Department of Biotechnology, College of Life Science and Biotechnology, Korea University, Seoul 02841, Republic of Korea.
Department of Biotechnology, College of Life Science and Biotechnology, Korea University, Seoul 02841, Republic of Korea.
Toxicology. 2024 Sep;507:153887. doi: 10.1016/j.tox.2024.153887. Epub 2024 Jul 15.
Advanced glycation end products (AGEs) are important contributors to the progression of chronic kidney diseases (CKD), including renal fibrosis. Although the relationship between AGEs and renal fibrosis has been well studied, the mechanisms of individual AGE-induced renal injury remain poorly understood. This study investigated the adverse effect of methylglyoxal-derived hydroimidazolone-1 (MG-H1), a methylglyoxal (MG)-derived AGE generated by the glycation of MG and arginine residues, on kidney damage. We aimed to elucidate the molecular mechanisms of MG-H1-mediated renal injury and fibrosis, focusing on the receptor for AGEs (RAGE) signaling and its effects on the Wnt/β-catenin pathway, MAPK pathway, and inflammatory responses. Our results suggest that the MG-H1/RAGE axis plays a significant role in the pathogenesis of CKD and its downstream events involving MAPK kinase-related factors and inflammatory factors. MG-H1 treatment modulated the expression of inflammatory cytokines (TNF-α, IL-6, and IL-1β) and MAPK proteins (ERK1/2, JNK, and p38).

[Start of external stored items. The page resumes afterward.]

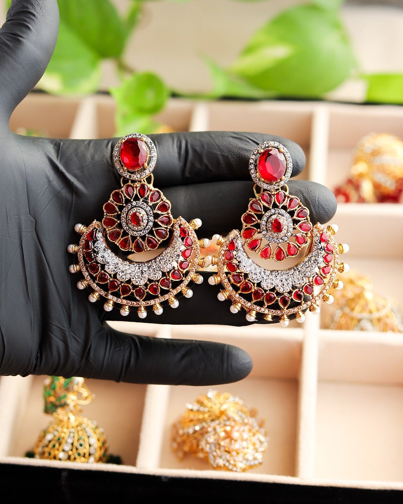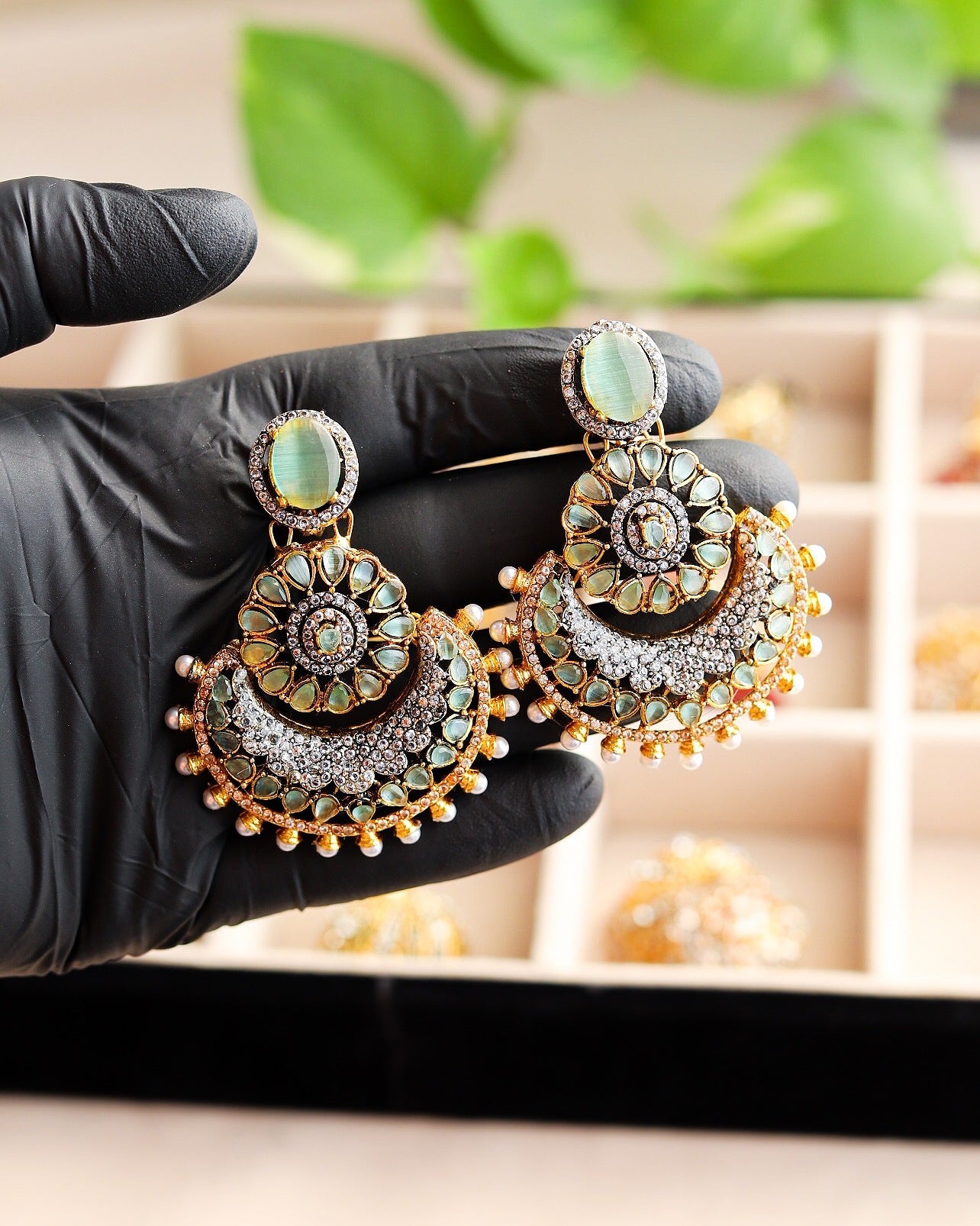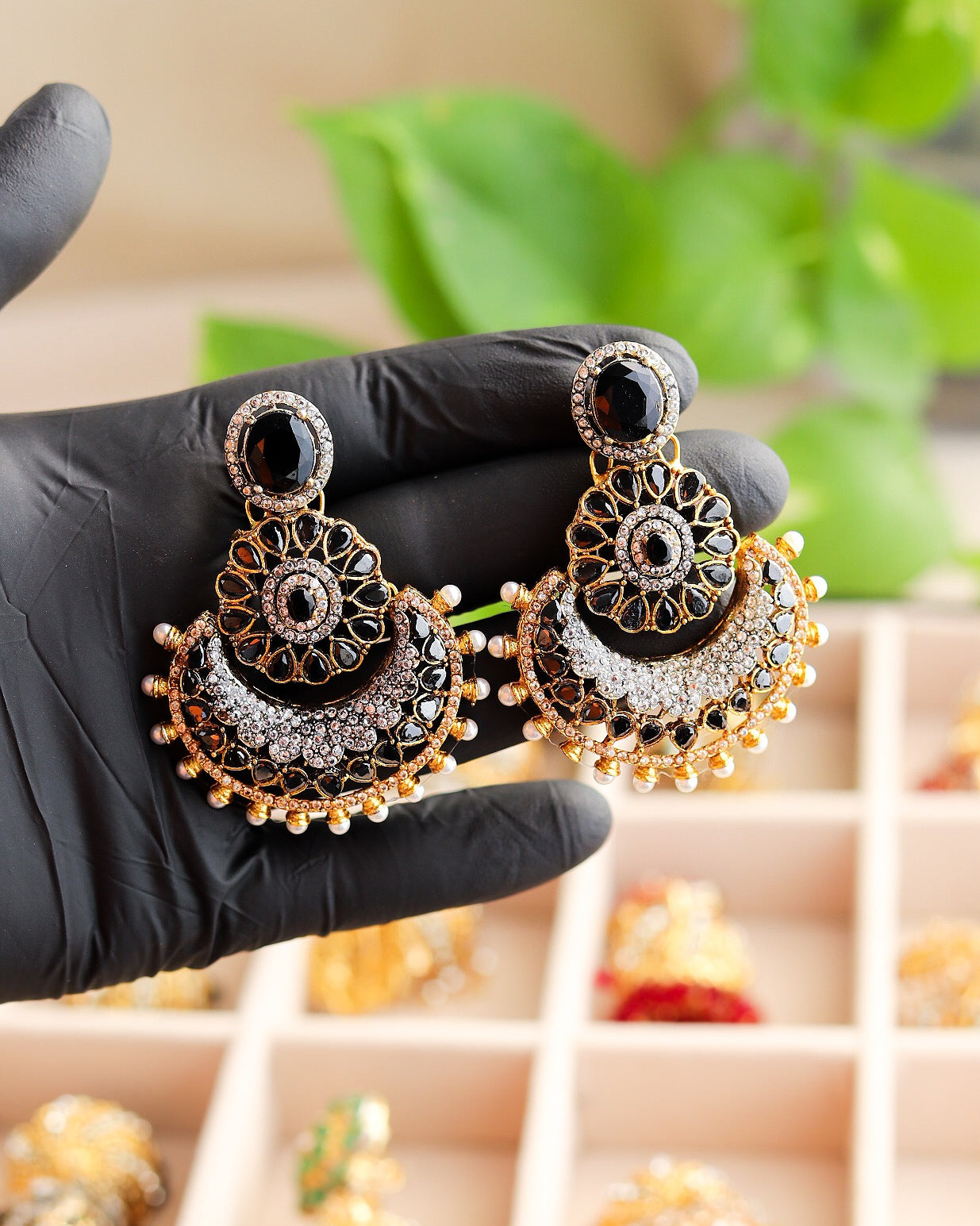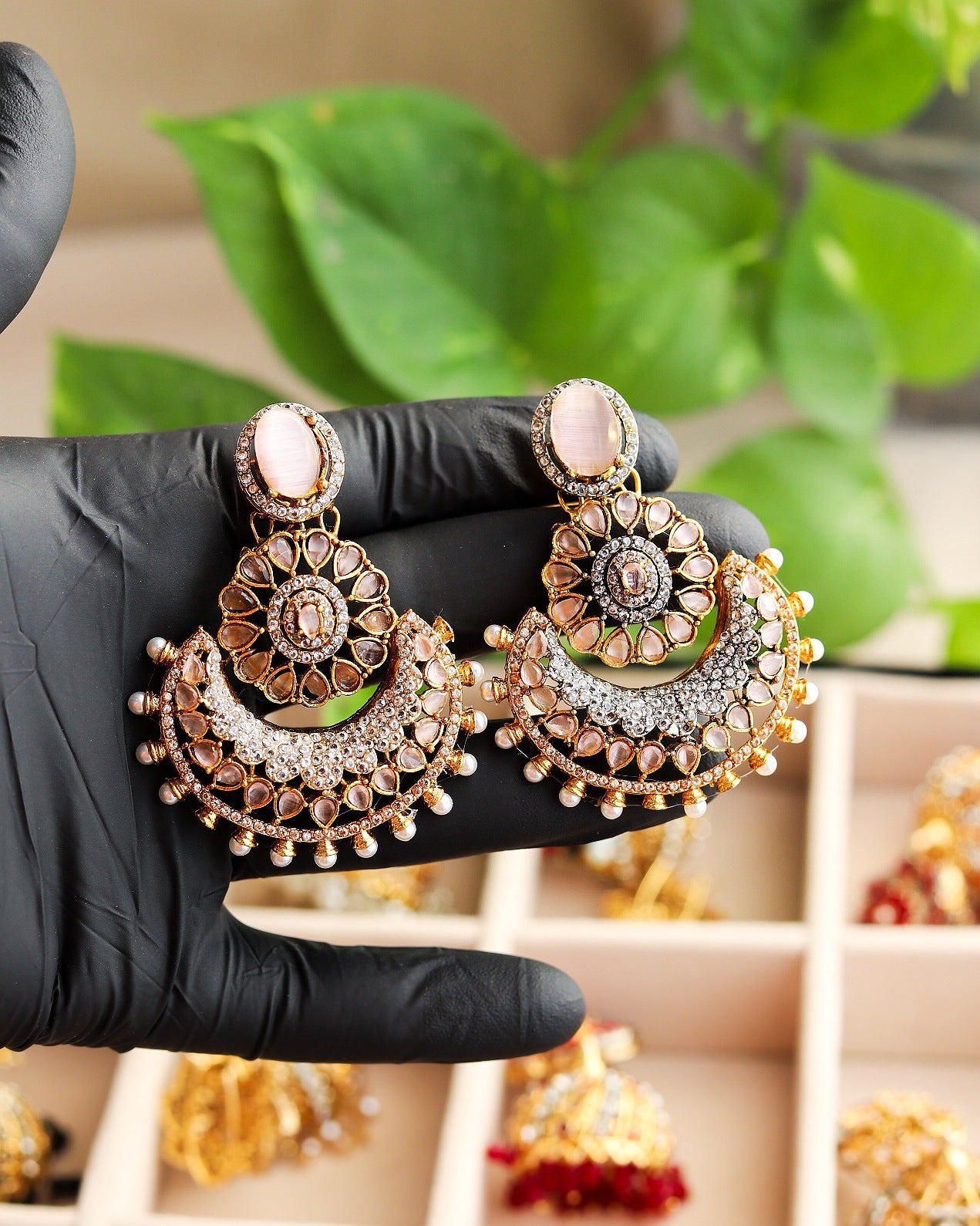 Elevate your style with these mesmerizing multitoned jhumka earrings. A symphony of colors and beads that dance with every movement, adding a touch of charm to any outfit.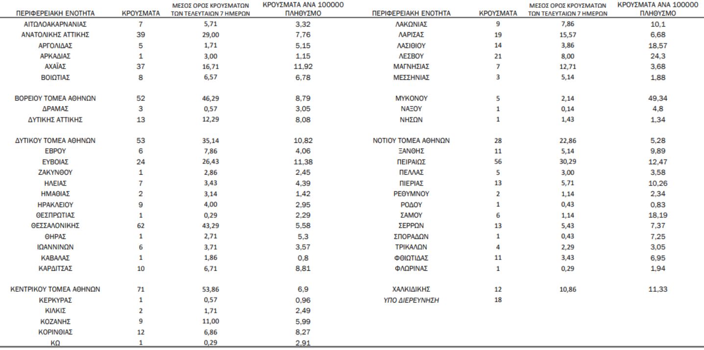 Ο συνολικός αριθμός των κρουσμάτων ανέρχεται στα 154796, εκ των οποίων 52.1% άνδρες.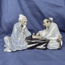 Vintage Chinese Men Playing Board Game Mudman Clay Fgurine Statuette Handcrafted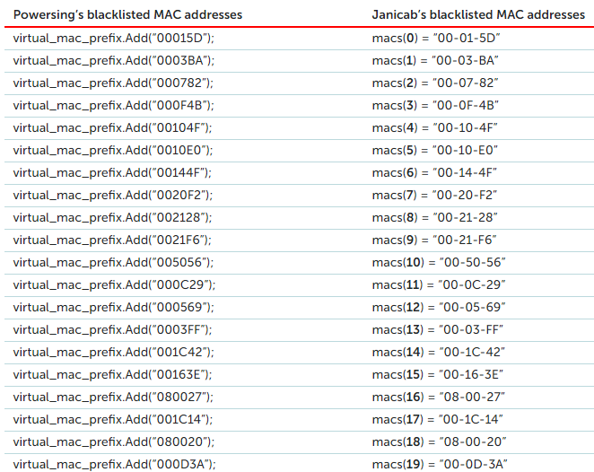 此外,此样本包含的黑名单VM MAC地址列表与本文前面介绍的Powersing样本完全相同,顺序相同。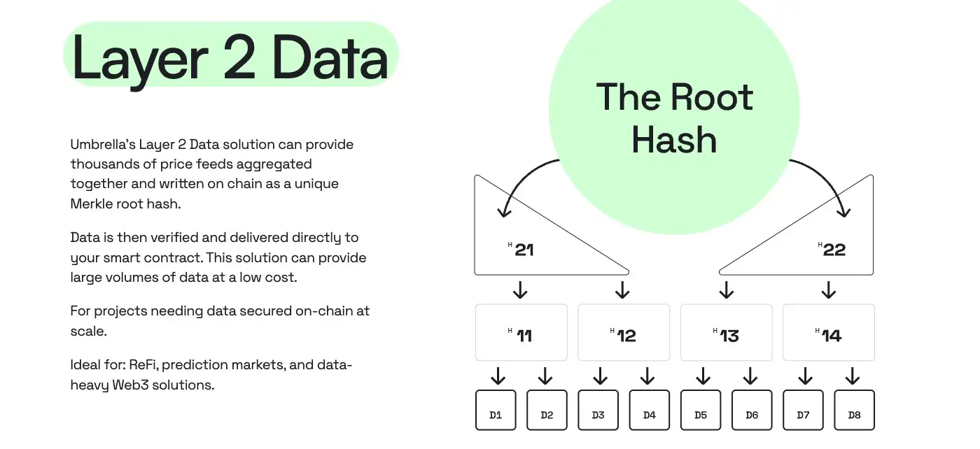 Umbrella Network's layer 2 solution processes data off-chain, allowing for high throughput and thousands of transactions per second. This significantly enhances scalability compared to traditional on-chain oracle solutions.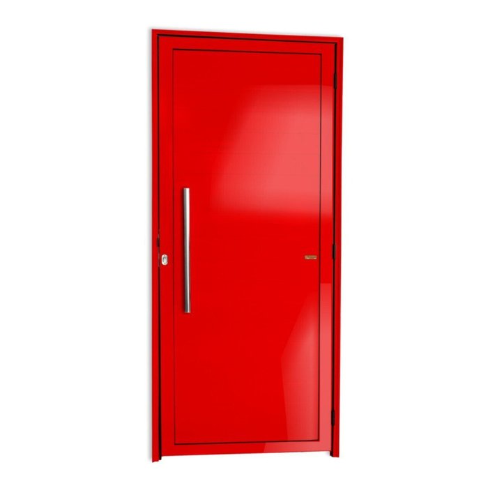 Portas de Abrir de Alumínio Linha Super 25 Pintura Eletrostática Vermelho 1 Folha de Abrir para o Lado Esquerdo Lambris Horizontais Puxador Londres 60 Cm Polido Altura 210 Cm Largura 80 Cm Requadro 4,6 Cm Garantia de 5 anos contra defeitos de fabricação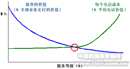 每個(gè)呼叫中心因當(dāng)?shù)貑T工成本、平均電話價(jià)值、單位電話成本以及安裝等費(fèi)用支出的不同,營(yíng)運(yùn)方式也不同。但繪制曲線找出效能和效率的平衡點(diǎn)是可能的。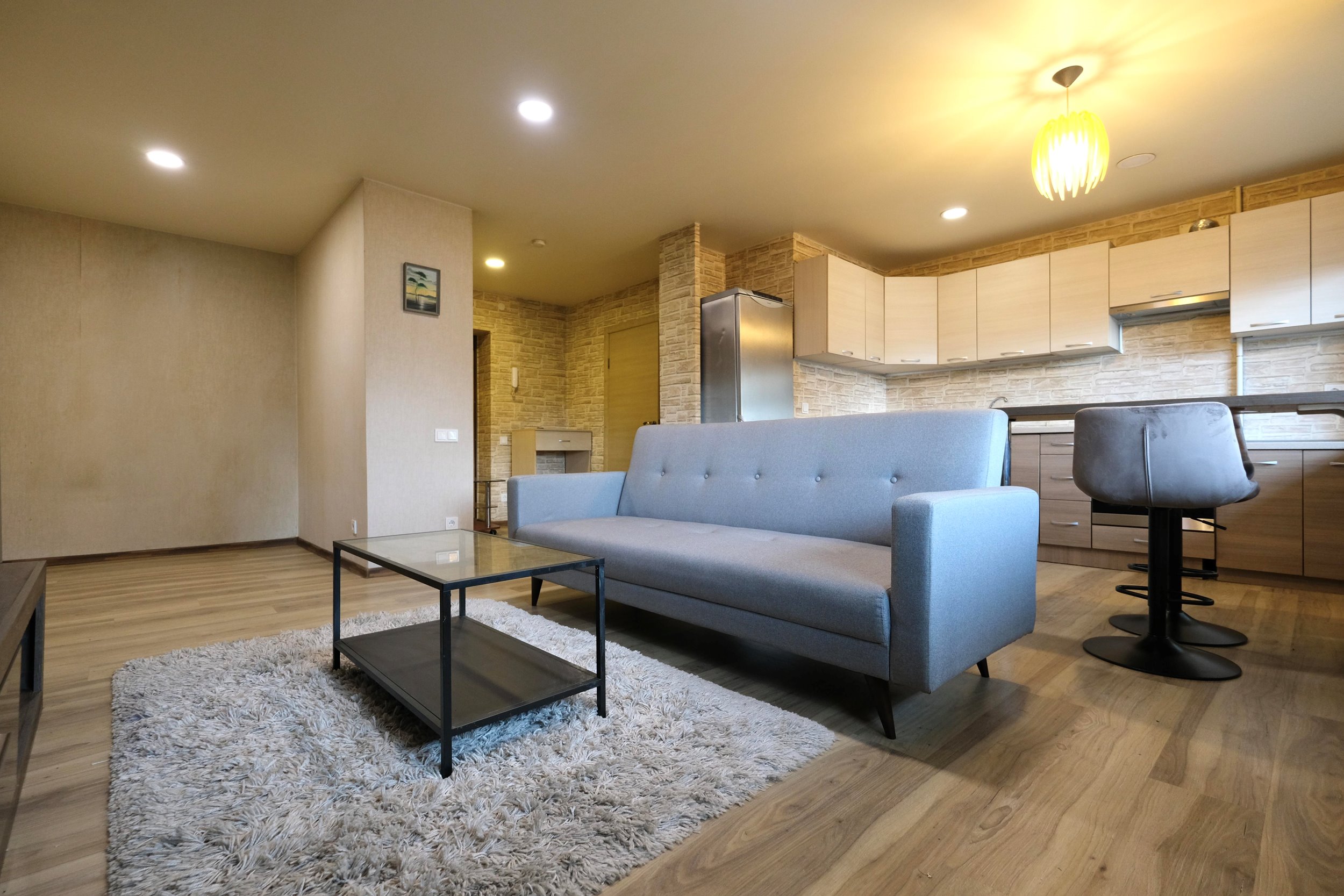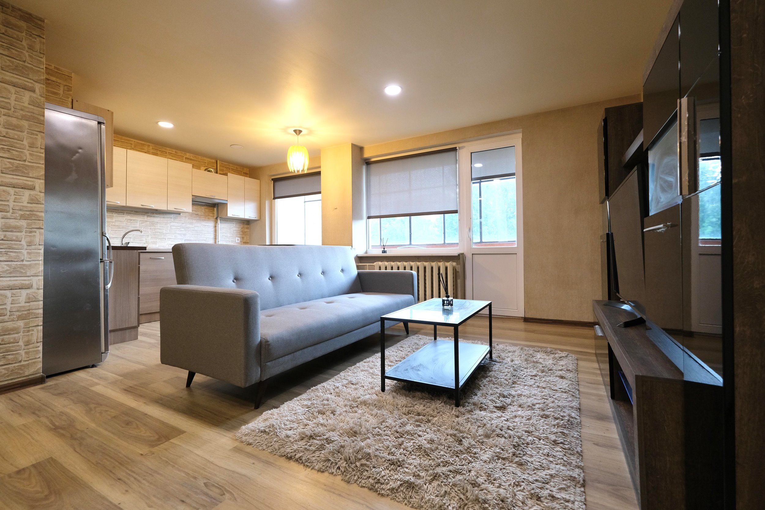 - Svetainė sujungta kartu su virtuvės zona;

晚期糖基化终产物(AGEs)是慢性肾脏病(CKD)进展的重要因素,包括肾纤维化。虽然 AGEs 与肾纤维化之间的关系已得到充分研究,但个体 AGE 诱导的肾损伤的机制仍知之甚少。本研究探讨了甲基乙二醛衍生的羟咪唑啉-1(MG-H1),一种由甲基乙二醛(MG)和精氨酸残基糖化产生的 MG 衍生的 AGE,对肾脏损伤的不良影响。我们旨在阐明 MG-H1 介导的肾损伤和纤维化的分子机制,重点关注 AGEs 受体(RAGE)信号及其对 Wnt/β-catenin 途径、MAPK 途径和炎症反应的影响。我们的结果表明,MG-H1/RAGE 轴在 CKD 的发病机制及其下游事件中发挥重要作用,涉及 MAPK 激酶相关因子和炎症因子。MG-H1 处理调节了炎症细胞因子(TNF-α、IL-6 和 IL-1β)和 MAPK 蛋白(ERK1/2、JNK 和 p38)的表达。